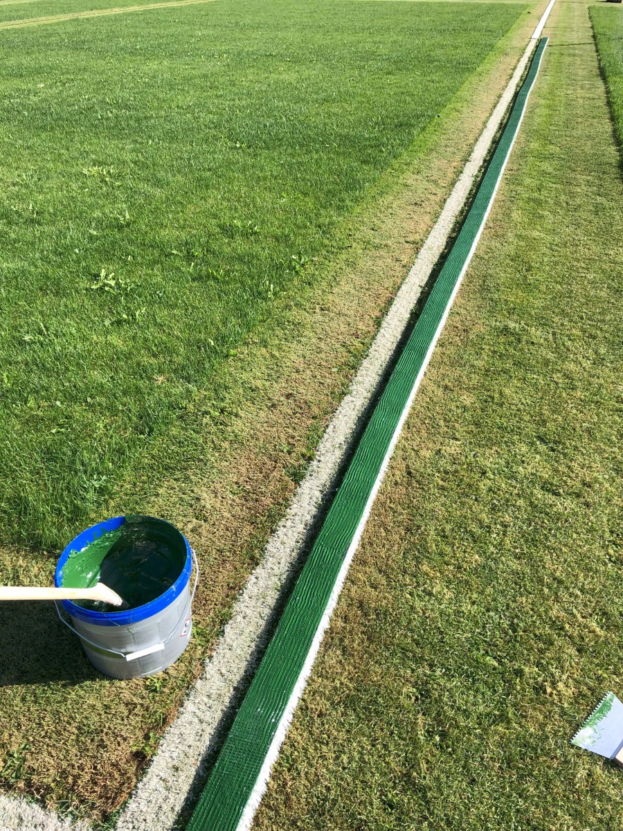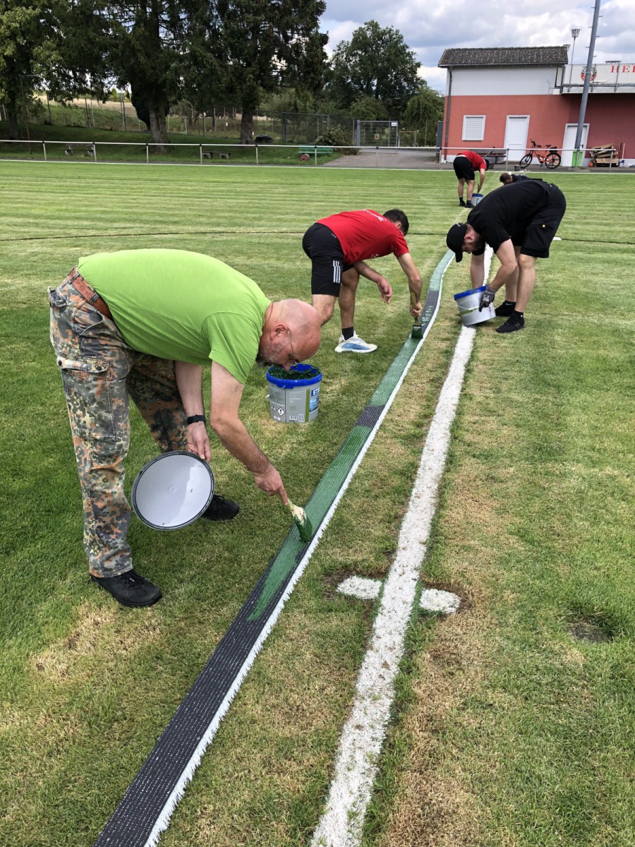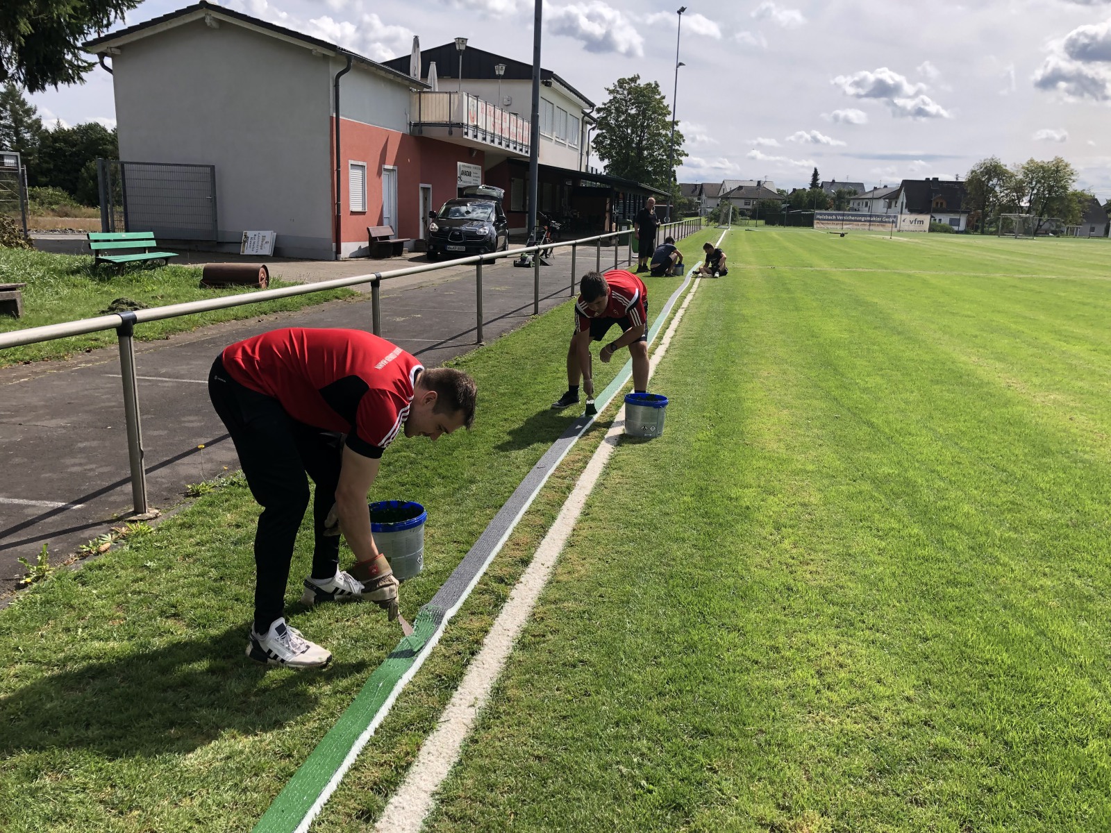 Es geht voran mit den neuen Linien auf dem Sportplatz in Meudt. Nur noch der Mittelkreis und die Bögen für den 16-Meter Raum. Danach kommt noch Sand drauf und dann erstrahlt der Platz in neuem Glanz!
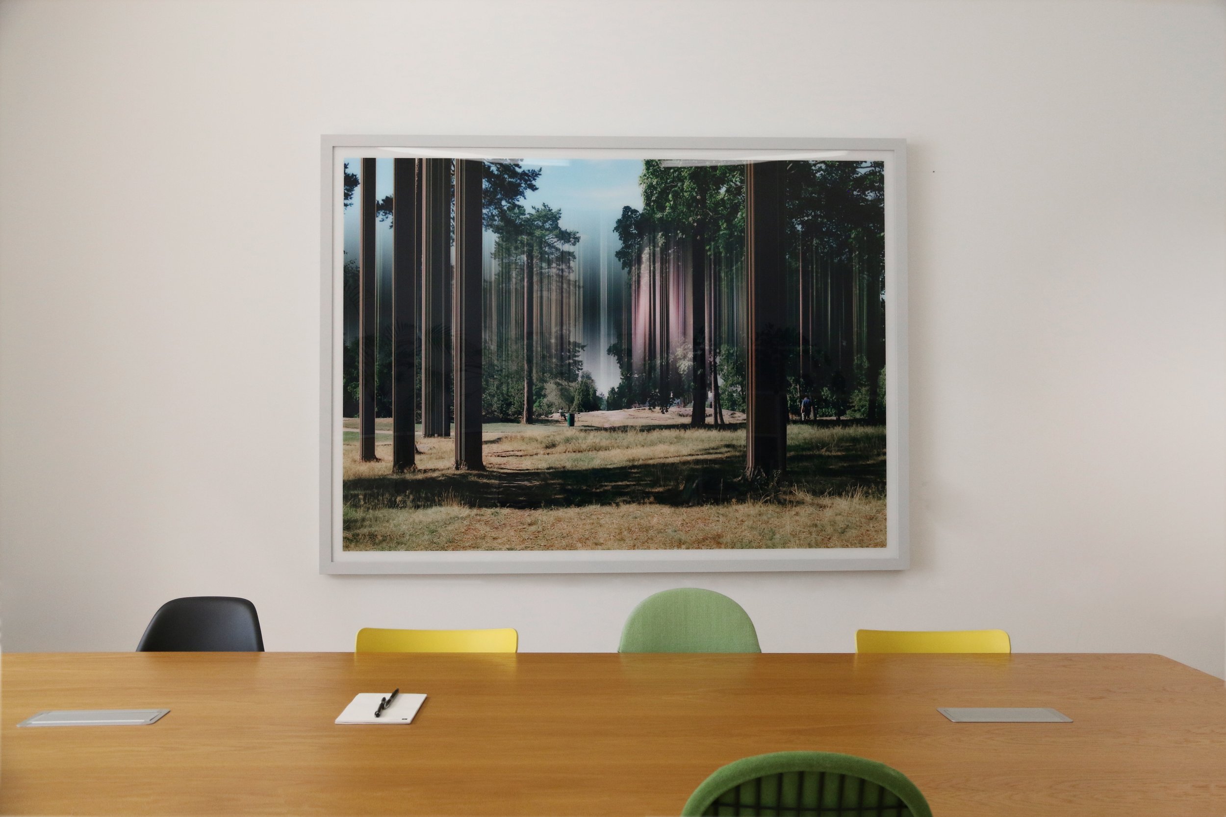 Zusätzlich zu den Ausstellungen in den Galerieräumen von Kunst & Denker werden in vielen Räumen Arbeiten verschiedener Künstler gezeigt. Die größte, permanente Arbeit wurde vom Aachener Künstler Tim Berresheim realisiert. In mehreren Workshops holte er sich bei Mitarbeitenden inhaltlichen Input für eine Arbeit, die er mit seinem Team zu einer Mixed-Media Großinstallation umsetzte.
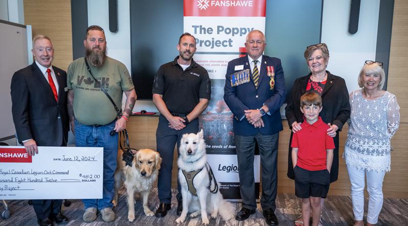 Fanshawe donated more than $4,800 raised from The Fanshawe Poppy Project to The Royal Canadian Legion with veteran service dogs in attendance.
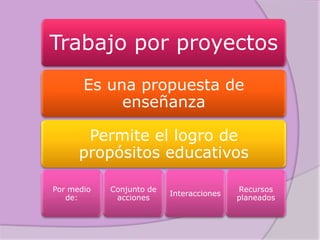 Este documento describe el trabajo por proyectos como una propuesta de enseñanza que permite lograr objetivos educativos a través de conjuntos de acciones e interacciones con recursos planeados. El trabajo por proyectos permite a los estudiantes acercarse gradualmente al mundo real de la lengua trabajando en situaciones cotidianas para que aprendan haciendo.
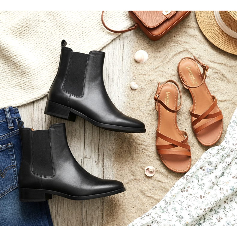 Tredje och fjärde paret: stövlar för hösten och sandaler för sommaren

# # # # # # #

What the exercise asks:
The records above are to be copied exactly, without their pictures.

Response box:
 Es geht voran mit den neuen Linien auf dem Sportplatz in Meudt. Nur noch der Mittelkreis und die Bögen für den 16-Meter Raum. Danach kommt noch Sand drauf und dann erstrahlt der Platz in neuem Glanz!
 Zusätzlich zu den Ausstellungen in den Galerieräumen von Kunst & Denker werden in vielen Räumen Arbeiten verschiedener Künstler gezeigt. Die größte, permanente Arbeit wurde vom Aachener Künstler Tim Berresheim realisiert. In mehreren Workshops holte er sich bei Mitarbeitenden inhaltlichen Input für eine Arbeit, die er mit seinem Team zu einer Mixed-Media Großinstallation umsetzte.
 Fanshawe donated more than $4,800 raised from The Fanshawe Poppy Project to The Royal Canadian Legion with veteran service dogs in attendance.
 Este documento describe el trabajo por proyectos como una propuesta de enseñanza que permite lograr objetivos educativos a través de conjuntos de acciones e interacciones con recursos planeados. El trabajo por proyectos permite a los estudiantes acercarse gradualmente al mundo real de la lengua trabajando en situaciones cotidianas para que aprendan haciendo.
 Tredje och fjärde paret: stövlar för hösten och sandaler för sommaren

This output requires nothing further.